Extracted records
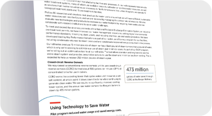 WATER CONSERVATION Water is an essential resource in our manufacturing facilities and processes. All our refining assets have on-site water treatment systems, many of which use available brackish, saltwater or non-freshwater resources, as well as solutions that involve industrial reuse processes. In North America and the United Kingdom, we operate 12 biological treatment plants and 15 pre-treatment facilities. Phillips 66 researches and develops best practices for water use to ensure that we will have sufficient, sustainable water resources well into the future, and we are responsibly managing this critical natural resource. We also evaluate new technologies and products to decrease our water footprint by recycling more water, and we collaborate with research institutions to solve water challenges. To meet and exceed the strict requirements of the National Pollutant Discharge Elimination System, or industrial pre-treatment permits, we have improved our water management procedures, setting higher environmental performance standards, minimizing plant upsets, and reducing chemical use and waste generation. We have developed leading Key Performance Indicators as part of our water use efficiency program for our facilities, including condensate returned to steam produced and condensate recovered versus consumed in the process. Our refineries produce 15 million pounds of steam per hour. Each pound of steam is more than a pound of water, which is why we’re working to optimize our use of steam and minimize losses. As part of our DOM program, we’re rolling out an optimization tool to all our refineries. The tool allows operators and engineers to see the entire steam system and provides prescriptive actions to use the steam and minimize loss from venting. This is expected to help us recover 250 million pounds of steam a year. Using Technology to Save Water Pilot program reduced water usage and saved energy costs. Our Billings and Bayway refineries implemented steam trap monitoring as part of the DOM program. Using hand-held acoustic sensors coupled with a cloud-based analytics program, steam traps were periodically tested. Initial surveys identified areas for prioritized maintenance. Repairing the identified traps netted $1.3 million per year savings in energy costs at the two facilities. The work also helped improve third-party energy intensity performance statistics and reduce GHG emissions. Three additional refineries will start the program in 2022 and remaining refineries are scheduled to be included in 2023. $1.3 million saved in 2021 energy costs by reducing steam losses at Billings and Bayway refineries Closed-circuit Reverse Osmosis We repurposed a conventional reverse osmosis unit to use closed-circuit reverse osmosis (CCRO) to treat about 900 gallons per minute (GPM) of concentrated brine for use in boilers. CCRO works like a cooling tower that cycles water until it reaches a set salt content, at which point it blows down the brine while continuing to generate clean water. We see results in significantly improved cooling tower cycles, and the annual raw water demand for Borger's boilers is down by 473 million gallons. 473 million gallons of water saved through CCRO at the Borger Refinery Environmental Stewardship 31 ENVIRONMENT AND SAFETY
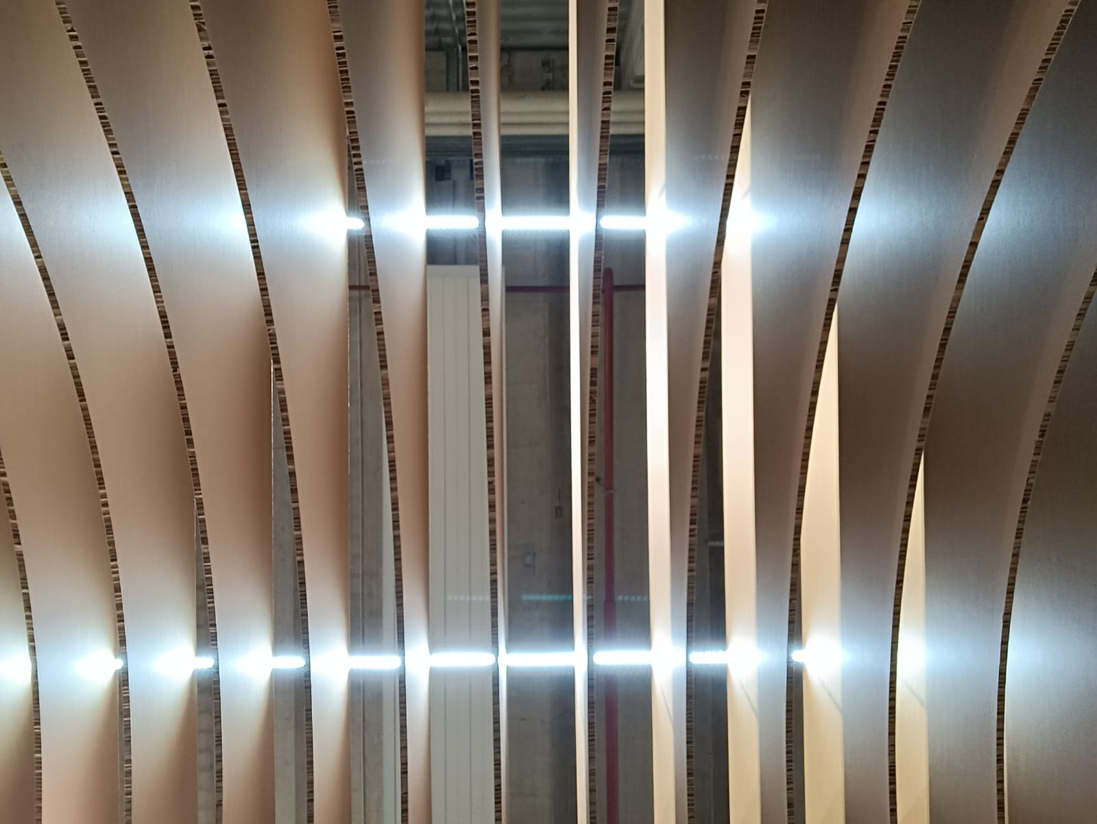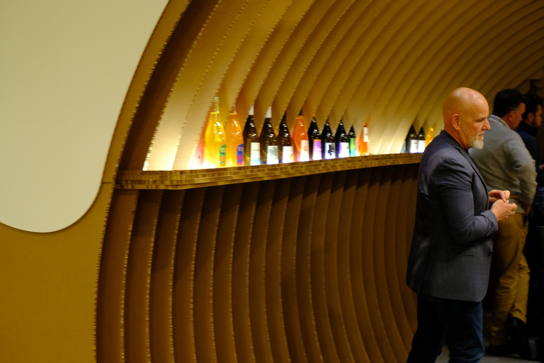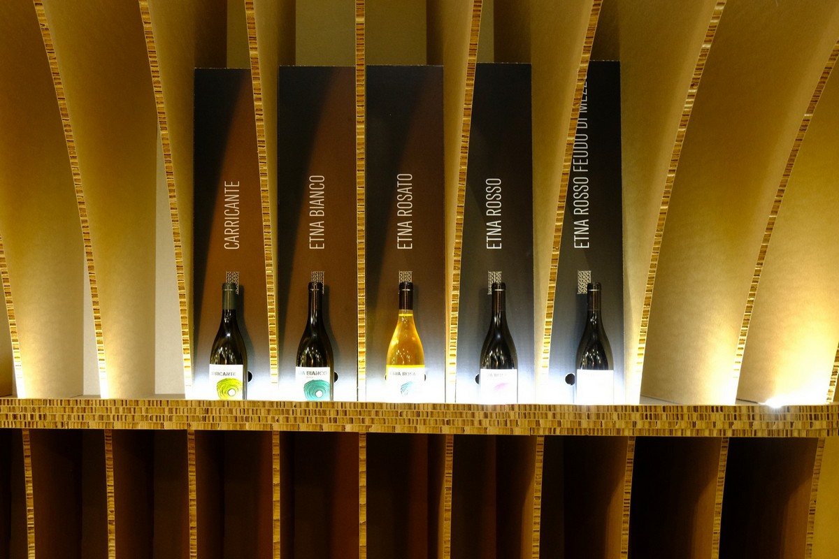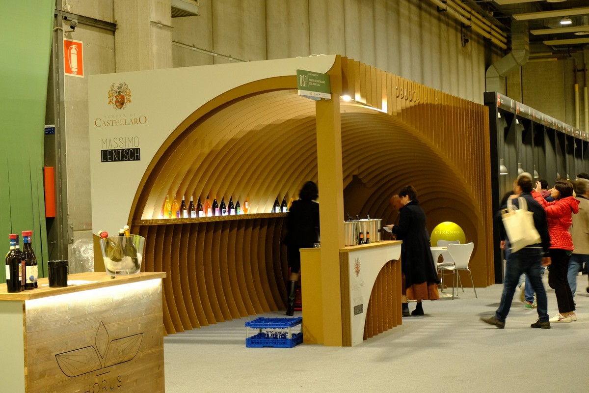 Il processo creativo di trasformare l’idea di uno stand eco-sostenibile in una forma tangibile è stato affascinante e coinvolgente, con molti attori ispirati dallo spirito ecologico degli allestimenti in cartone. Abbiamo iniziato concependo lo spazio come un blocco di materia, poi l’abbiamo immaginato tagliato in segmenti semicircolari successivi, dai quali abbiamo via via sottratto il materiale in eccesso fino a creare una sorta di cavità. Il risultato visivo è stato uno stand lungo 8 metri, che ha assunto l’aspetto di una grotta racchiusa da lame intagliate di cartone naturale. Queste lame sono state fissate su una parete di fondo, all’interno della quale sono state create nicchie retroilluminate, perfette per esporre la gamma di vini prodotti dall’azienda.
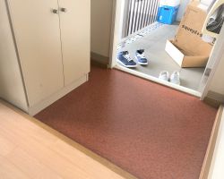 さらにタイルカーペットの下地として厚み8mmのダイウレシートを施工することで、敷居からの段差を解消することができます。
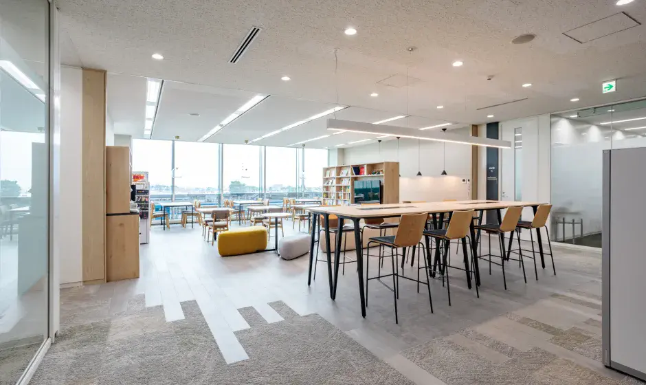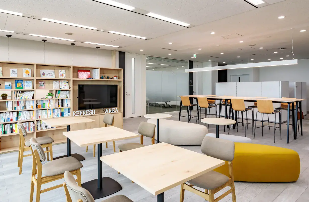 - 多様な休憩スタイル(集中、会話、食事など)に応える、フレキシブルな家具を配置したリフレッシュスペースを創出し、エンゲージメントの向上を図りました。
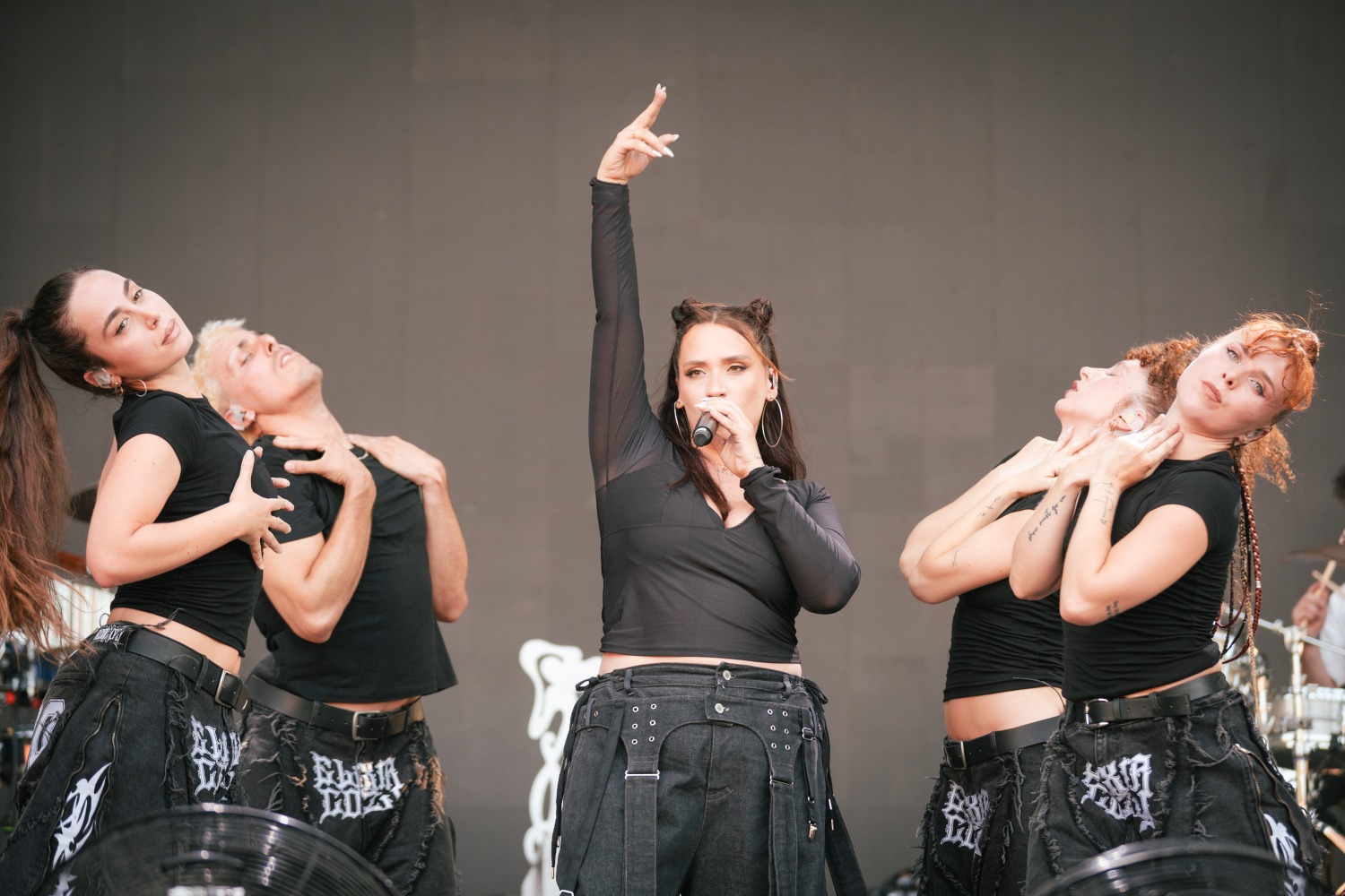 La organización, al loro de todo esto, se ha preocupado en habilitar diferentes formas de combatir el calor. Además de los puntos de hidratación, sorprendió la presencia de ventiladores de agua en la entrada del recinto principal. Como los de los bares, pero el triple de grandes. Aun así, llegar tarde al concierto de Lia Kali después de esperar bajo el sol en la cola para entrar al festival era algo que podía pasar. Y así pasó. Mientras hacíamos cola para recargar la pulsera y refrescarnos un poco, la artista catalana se preocupaba constantemente porque su público no se muriese de calor.
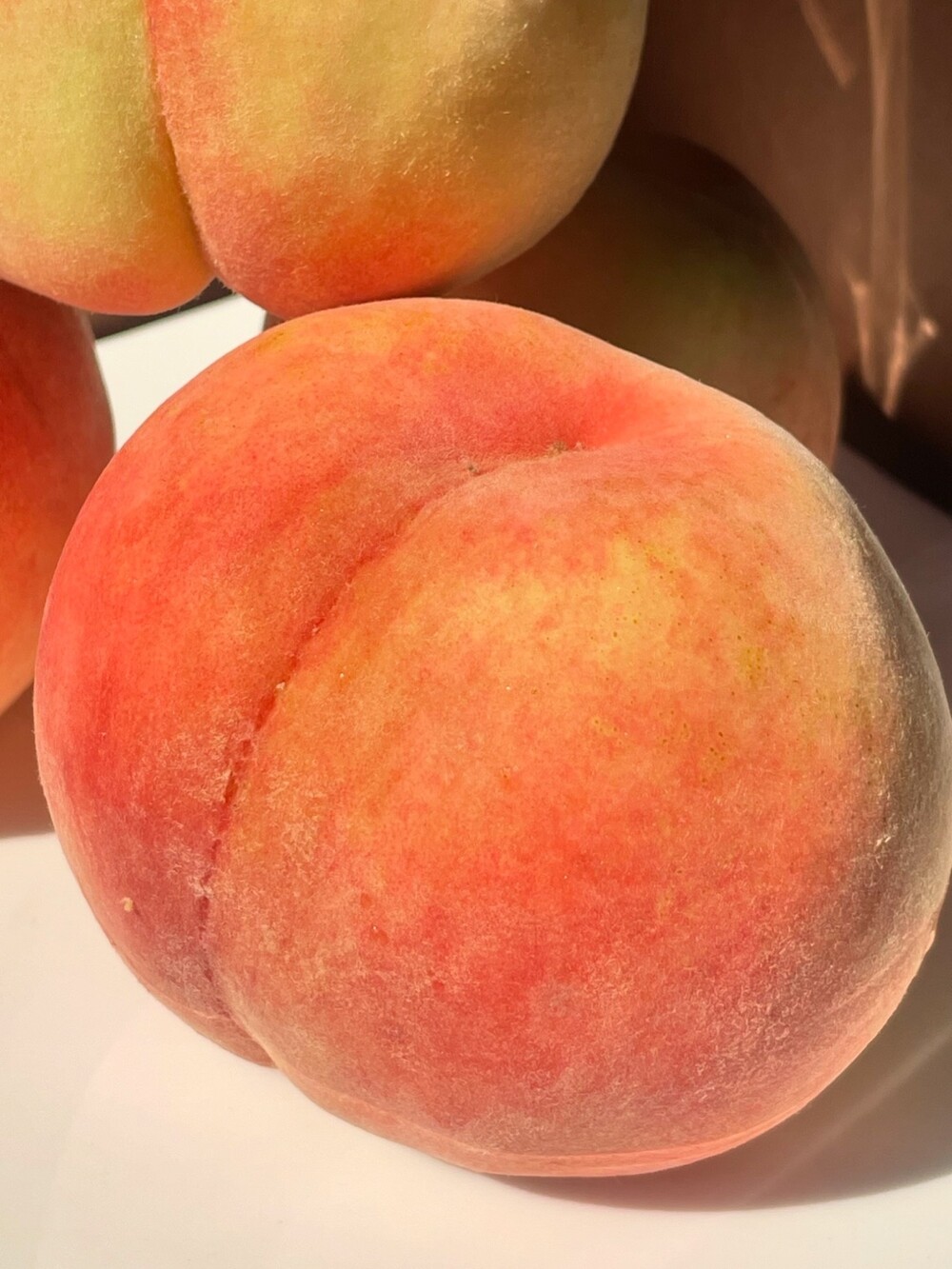 복숭아 품종마다 보여드릴 수 있는 시기가 짧아 아쉽지만 이 시기에 진하게 이 매력에 포옥 빠져 풍성하게 즐겨주신다면 아주 좋을 것 같아요. 과육이 희고 단단하며 결이 곱와 씹을수록 여리여리 은은한 향과 입안 가득 고급스럽게 풍성한 향긋함을 전달해 주니 이 행복을 어찌 말로 표현하나요.

Work item:
Could you retype all the entries exactly, skipping the pictures?

Answer:
 WATER CONSERVATION Water is an essential resource in our manufacturing facilities and processes. All our refining assets have on-site water treatment systems, many of which use available brackish, saltwater or non-freshwater resources, as well as solutions that involve industrial reuse processes. In North America and the United Kingdom, we operate 12 biological treatment plants and 15 pre-treatment facilities. Phillips 66 researches and develops best practices for water use to ensure that we will have sufficient, sustainable water resources well into the future, and we are responsibly managing this critical natural resource. We also evaluate new technologies and products to decrease our water footprint by recycling more water, and we collaborate with research institutions to solve water challenges. To meet and exceed the strict requirements of the National Pollutant Discharge Elimination System, or industrial pre-treatment permits, we have improved our water management procedures, setting higher environmental performance standards, minimizing plant upsets, and reducing chemical use and waste generation. We have developed leading Key Performance Indicators as part of our water use efficiency program for our facilities, including condensate returned to steam produced and condensate recovered versus consumed in the process. Our refineries produce 15 million pounds of steam per hour. Each pound of steam is more than a pound of water, which is why we’re working to optimize our use of steam and minimize losses. As part of our DOM program, we’re rolling out an optimization tool to all our refineries. The tool allows operators and engineers to see the entire steam system and provides prescriptive actions to use the steam and minimize loss from venting. This is expected to help us recover 250 million pounds of steam a year. Using Technology to Save Water Pilot program reduced water usage and saved energy costs. Our Billings and Bayway refineries implemented steam trap monitoring as part of the DOM program. Using hand-held acoustic sensors coupled with a cloud-based analytics program, steam traps were periodically tested. Initial surveys identified areas for prioritized maintenance. Repairing the identified traps netted $1.3 million per year savings in energy costs at the two facilities. The work also helped improve third-party energy intensity performance statistics and reduce GHG emissions. Three additional refineries will start the program in 2022 and remaining refineries are scheduled to be included in 2023. $1.3 million saved in 2021 energy costs by reducing steam losses at Billings and Bayway refineries Closed-circuit Reverse Osmosis We repurposed a conventional reverse osmosis unit to use closed-circuit reverse osmosis (CCRO) to treat about 900 gallons per minute (GPM) of concentrated brine for use in boilers. CCRO works like a cooling tower that cycles water until it reaches a set salt content, at which point it blows down the brine while continuing to generate clean water. We see results in significantly improved cooling tower cycles, and the annual raw water demand for Borger's boilers is down by 473 million gallons. 473 million gallons of water saved through CCRO at the Borger Refinery Environmental Stewardship 31 ENVIRONMENT AND SAFETY
 Il processo creativo di trasformare l’idea di uno stand eco-sostenibile in una forma tangibile è stato affascinante e coinvolgente, con molti attori ispirati dallo spirito ecologico degli allestimenti in cartone. Abbiamo iniziato concependo lo spazio come un blocco di materia, poi l’abbiamo immaginato tagliato in segmenti semicircolari successivi, dai quali abbiamo via via sottratto il materiale in eccesso fino a creare una sorta di cavità. Il risultato visivo è stato uno stand lungo 8 metri, che ha assunto l’aspetto di una grotta racchiusa da lame intagliate di cartone naturale. Queste lame sono state fissate su una parete di fondo, all’interno della quale sono state create nicchie retroilluminate, perfette per esporre la gamma di vini prodotti dall’azienda.
 さらにタイルカーペットの下地として厚み8mmのダイウレシートを施工することで、敷居からの段差を解消することができます。
 - 多様な休憩スタイル(集中、会話、食事など)に応える、フレキシブルな家具を配置したリフレッシュスペースを創出し、エンゲージメントの向上を図りました。
 La organización, al loro de todo esto, se ha preocupado en habilitar diferentes formas de combatir el calor. Además de los puntos de hidratación, sorprendió la presencia de ventiladores de agua en la entrada del recinto principal. Como los de los bares, pero el triple de grandes. Aun así, llegar tarde al concierto de Lia Kali después de esperar bajo el sol en la cola para entrar al festival era algo que podía pasar. Y así pasó. Mientras hacíamos cola para recargar la pulsera y refrescarnos un poco, la artista catalana se preocupaba constantemente porque su público no se muriese de calor.
 복숭아 품종마다 보여드릴 수 있는 시기가 짧아 아쉽지만 이 시기에 진하게 이 매력에 포옥 빠져 풍성하게 즐겨주신다면 아주 좋을 것 같아요. 과육이 희고 단단하며 결이 곱와 씹을수록 여리여리 은은한 향과 입안 가득 고급스럽게 풍성한 향긋함을 전달해 주니 이 행복을 어찌 말로 표현하나요.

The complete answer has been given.